Quotulatiousness

January 2, 2020

“Modern ‘virtue signalling’ has deep Victorian roots”

Filed under: Books, Education, History, Politics — Tags: , , — Nicholas @ 05:00

David Warren on the work of the late Gertrude Himmelfarb and the era she documented:

The historian, Himmelfarb, is particularly good at revealing the often generational decline in “liberal values,” for instance from helping the poor through such institutions as the Salvation Army, to using them for moral posturing at no personal cost. This corresponds to a loss of religious faith, and its replacement by moralizing. Modern “virtue signalling” has deep Victorian roots.

Unfortunately we now live in a time that is narrow, and for the most part thinkers are ignored, or reduced to single sound bites. For our time, and in our universities, so great a student of philosophy as Leo Strauss, of literature as Lionel Trilling, of social research as Irving Kristol (the brilliant man Himmelfarb married) are dismissed unread as “neo-conservatives” and worse, when in fact they were engaged with the whole Western tradition.
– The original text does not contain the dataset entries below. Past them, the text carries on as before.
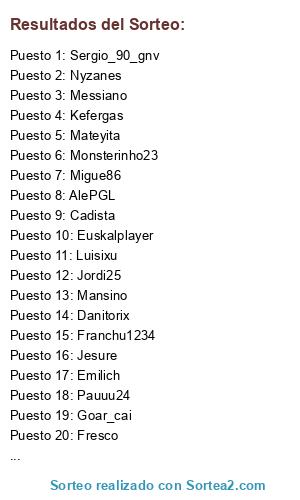Lista de participantes: AlePGL, Xaviloko, Negri, Emilich, Lionheart, Wantxope, Cadista, Jiliyo, Fista, Daniorlo, Ronierm, Mansino, Jamfus, Sergio_90_gnv, Zeulito, Camandula, Messiano, Euskalplayer, Goar_cai, Jualzurita, Peperecre, Jesure, Luisixu, AlexRamos, Fresco, Malasombra, Kefergas, Soccatala, Jordi25, Ayo, Sergioheras, Lm1989gr, Caubo12, Mateyita, Kharimpool, Juanito_ercambio, PoloVCF, Danitorix, Kaiser-sh7, Pauuu24, Durbe, Migue86, Nyzanes, Monsterinho23, Franchu1234, Torneosgamingluis, Harper7584, Clapped_by_mv.
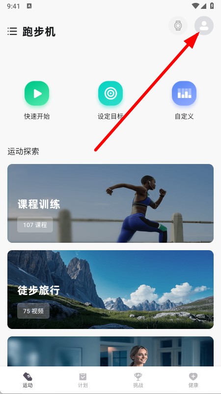 1、在運(yùn)動(dòng)秀app首頁,點(diǎn)擊右上角的個(gè)人頭像圖標(biāo),進(jìn)入我的頁面。
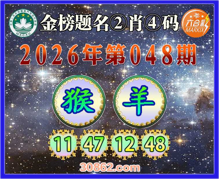 048期: 金榜题名 ②肖④码【猴】【11.47.12.48】开:羊24
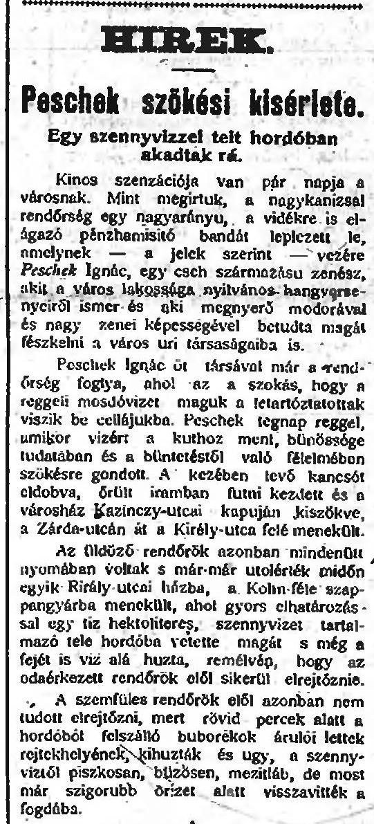 Ha az ember olvassa a kanizsai újságokat, szabályos folytatásos krimiben érezheti magát, ahogyan követi az eseményeket július közepe óta. Pesek szökése után jöttek is a híresztelések: állítólag találtak egy szénaboglyát, ahol pihenhetett valamennyit, aztán látni vélték, vagy tényleg látták Szepetneken, majd Rigyácon. Lovas rendőrök vették üldözőbe és bizony mégsem találták meg. Vakmerő szökése elnyerte jutalmát: sikerült átjutnia a Murán, valószínűleg korábbi csempész-kapcsolatai révén. Tíz év múlva a Zalai Közlöny valóságos filmjelenetként idézte fel a sztorit: szerinte már Pesek nyomában voltak a lovasrendőrök, amikor az utolsó pillanatban, kabátját levetve beleugrott a Murába, átúszta, és a túlsó partról még vissza is integetett tehetetlen üldözőinek. Ha belegondolunk, hogy akkor december legeleje volt, nem tartom túl valószínűnek, hogy tényleg így zajlott le, inkább az újságíró fantáziája működhetett. A lényeg azonban igaz.
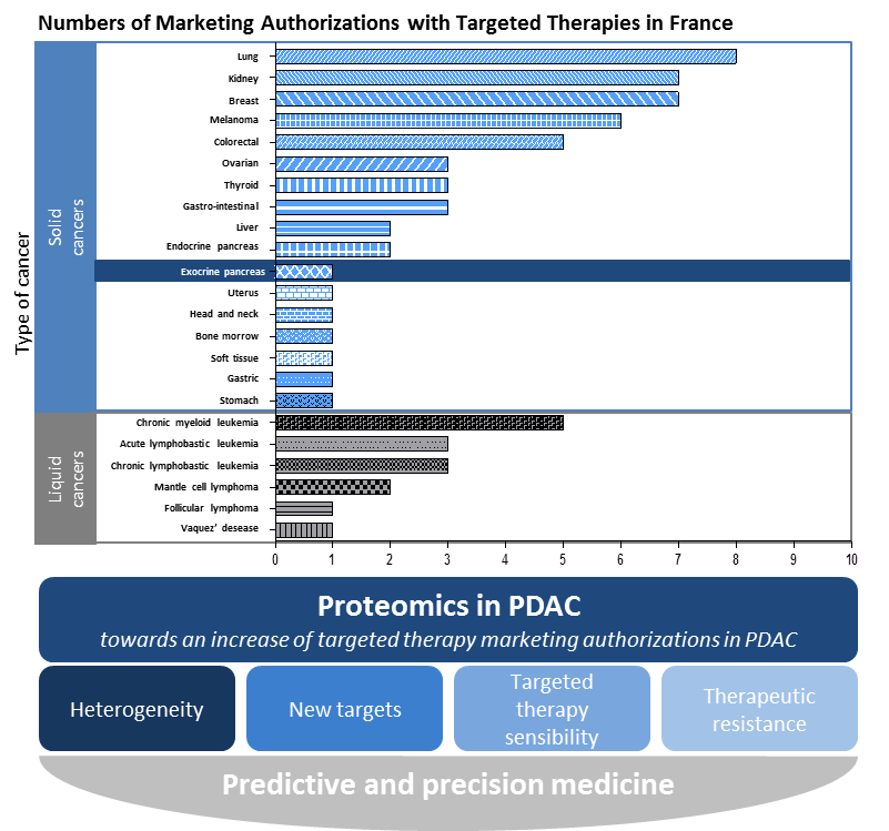 In metastatic pancreatic cancer patients non eligible to surgery, signal-targeted therapies so far failed to show a significant amelioration of survival. These therapeutic options were tested in Phase II/III clinical trials mostly in combination with the reference treatment Gemcitabine. These innovative therapies aim at annihilating the oncogene dependency; they also aim at renormalizing the tumoral stroma to allow immune cell function or re-vascularisation. Transcriptomics and genomics large scale analysis show the great heterogeneity of pancreatic cancers and failed to clearly delineate specific oncogene dependency besides oncogenic Kras. In this review, we will describe the most recent proteomic data in pancreatic tumors and its metastasis, which could help at identifying their major signalling dependencies, as well as explain why they are intrinsically resistant to signal-targeted therapies. We will also discuss why PI3K signalling, as a paradigm of pro-tumorigenic cell signalling and of tumoral adaptative resistance to drugs, is a relevant target in this context.
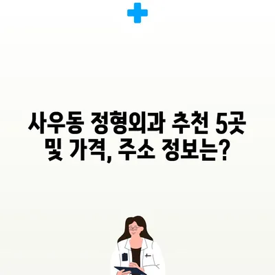 사우동에서 잘하는 정형외과를 찾는 것은 앞으로의 건강을 위해 중요한 선택입니다. 정형외과는 뼈와 관절, 근육, 인대 등에 발생하는 질병이나 손상을 진단하고 치료하는 전문 의료 분야입니다. 이 글에서는 사우동의 추천 정형외과에 대한 정보를 자세히 알아보겠습니다. 또한, 각 병원의 가격 및 비용, 주소 정보도 함께 제공하여 쉽게 선택할 수 있도록 돕겠습니다.

Today, the contemptible Washington Post associates them with a rightwing “backlash,” as if they were shouting slogans. Impressive Jewish thinkers are casually compared to “white nationalists” or “supremacists,” in the frothing malice of the SJWs.

Yet the characters rejected were once themselves Leftists (though anti-Stalinists), and their perceived voyage to the Right was a steadiness as the waters passed them by.

I was thinking this just now while reading the first essay in Himmelfarb’s latest and possibly last book of essays: Past and Present. It is about Strauss (another formative influence). What a paradise it would have been to be among the “Ivy Leaguers” of the post-War and ‘fifties; during a long-lost American adventure into the world of ideas. Himmelfarb was the last of that team of adventurers, I was thinking; the landscape now is, intellectually, barren. Even to participate in “high culture” — what Matthew Arnold innocently called, “the best that has been thought and said” — is to put a professor at physical risk.

Leo Strauss explained somewhere, or in several places, that the student of the past must be prepared to learn something — “not merely about the thinkers of the past, but from them.”

Today’s student (if any are left in the humanities), replies with incomprehension. What an affront it is, to a later academy, in which the only purpose for the past is to judge it, by the asinine prejudices of the present day.